Created and developed by Magnus Hansen
Magnus Hansen is a sound designer whose work explores the intersection of art, politics, and human vulnerability. Through Atomic Echoes, he translates the global tension surrounding nuclear weapons into an artistic soundscape – a reminder of the urgent need to understand how prepared, or unprepared, humans are in the face of such destructive power. His work invites reflection on both the fragility and responsibility that define our shared existence.
Atomic Echoes seeks to make this abstraction tangible – to give the audience a small glimpse of the experience of a nuclear explosion. The installation unfolds in three phases: before, during, and after the explosion. Sound moves from what can be heard to what can be felt – from the ear to the body, from perception to vibration.

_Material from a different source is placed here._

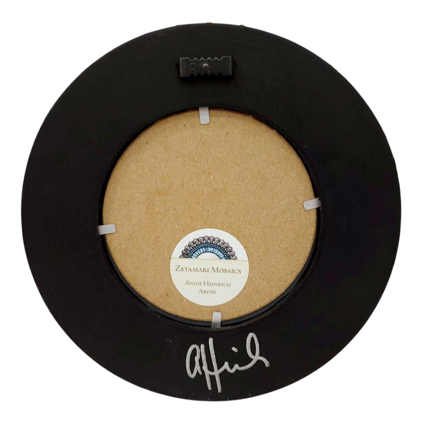 Zetamari's stunning mosaic mirror in a 7in round Aquamarine Leaf design features shimmering aquamarine glass tiles and leaves with green and blue bead accents.

The work employs a specially developed loudspeaker capable of reaching as low as 13 Hz – frequencies no longer perceived as sound, but as physical motion. Together with a vibrating floor, the space becomes an auditory Ganzfeld – a field where the senses lose orientation, and listening shifts into the body.
“..it took us into those really extreme places”
– Peter Rice
“These sounds make you understand how hard it is for a human being to face this cruel world and its ugly reality.”
– Ahmed Kilany
Vibrations in the air, traveling as waves that push and pull the space around us thousands of times per second. At 440 Hz, the air moves back and forth four hundred and forty times every second – a vibration our ears translate into what we call the note A. But when these waves slow down – below about 20 times per second – they slip beneath the threshold of hearing. The air still moves, but our ears no longer register it. Instead, our bodies do. The chest, the skin, the organs – all begin to sense what the ears cannot.
At these low frequencies, sound stops being an event in the air and becomes a physical presence. Pressure rather than tone. Weight rather than melody.
Low frequencies can trigger tiny shifts in blood pressure, balance, and breath – the same physical responses our ancestors relied on to sense danger before it could be seen or heard.